Did Kylie Jenner really cost Snapchat $1 billion?
In the end, Jenner’s tweet diss wasn’t good news for the company, but neither was it a death knell
Kylie Jenner, social influencer, scourge of Wall Street. Photograph: Ari Perilstein/Getty Images
On February 21st, a 20-year-old American took to one social media platform to express her disillusionment with another.
“sooo” she asked, “does anyone else not open Snapchat anymore? Or is it just me... ugh this is so sad”.
Taken on their own, such sentiments may not graduate to the level of moderately interesting, but since this 20-year-old was Kylie Jenner, it quickly became the biggest tech story of 2018. Blared from headlines in Bloomberg, Forbes, the Financial Times and the Wall Street Journal came the news: Kylie Jenner just wiped $1 billion off the price of Snapchat.
sooo does anyone else not open Snapchat anymore? Or is it just me... ugh this is so sad.— Kylie Jenner (@KylieJenner) February 21, 2018
Throughout the coverage, the model and reality star was cast as a one-woman Black Sunday; an unthinking leviathan, recklessly grinding the tech giant like a bath bomb twixt two giant, market-shaped fingernail extensions. Writ large across the story was alarm and amazement that a careless comment could wreak such havoc, but this reaction overlooked two key facts.
Firstly, their disbelief at Jenner’s position as an influencer seemed somewhat disingenuous. She’s not a tech entrepreneur, but nor is Jeremy Clarkson a mechanical engineer. As consumers and content creators, their word carries weight regardless. While it may be shocking that one person’s commentary can have such an effect, outright bafflement by the concept of user-influencers is notably absent if car sales are affected by Clarkson panning the new Mercedes.
Secondly, Jenner’s tweet didn’t tank the stock at all.

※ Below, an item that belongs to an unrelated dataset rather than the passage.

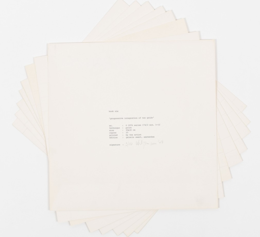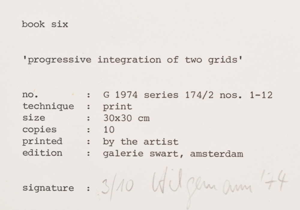 Amsterdam, Galerie Swart, 1974. No. G 1974 series 174/2 nos.1-12. Blank stiff paper portfolio, 30 x 30 cm, containing all 12 blind stamped cardboard sheets, printed by the artist. Edition of 10 copies. Title-leaf signed 'Hilgemann', numbered '3/10' and dated '74' in pencil. Portfolio as well as prints in fine condition.
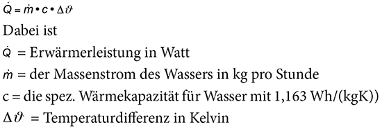 Die Erwärmerleistung eines elektrischen Durchlauferhitzers ergibt sich aus dem Massenstrom des Wassers multipliziert mit der spezifischen Wärmekapazität von Wasser und nochmals multipliziert mit der Temperaturdifferenz zwischen kaltem und erwärmtem Wasser.

While the day itself was not a good one for Snap Inc, it was merely a small nudge in a tumultuous recent past that’s seen its share price half in under a year. Just last month, the Daily Beast mounted a scoop on the company’s data, long kept secret and touted to be much less impressive than reported. Among details of a single, $4 million LA party, and the entirely secret floor of their NYC headquarters, it also referenced disappointing uptake of the app’s key features and dissatisfaction with their extensive and unpopular redesign.
When first put up for public offering in March last year, Snapchat peaked at a formidable $27.09 per share, but by the time of the Daily Beast’s January 9th story, this had dropped to $13.92. One day after Jenner’s tweet had “destroyed” the company, the price had reconstituted itself to $17, a four dollar improvement on where it had been a month before she’d done so.
In the end, Jenner’s tweet wasn’t good news for the company, but neither was it a death knell. More than anything else, the whole hurrah tells us less about economics and more about the media’s attitude toward billion-dollar stories, famous women, and the promise of snappy headline.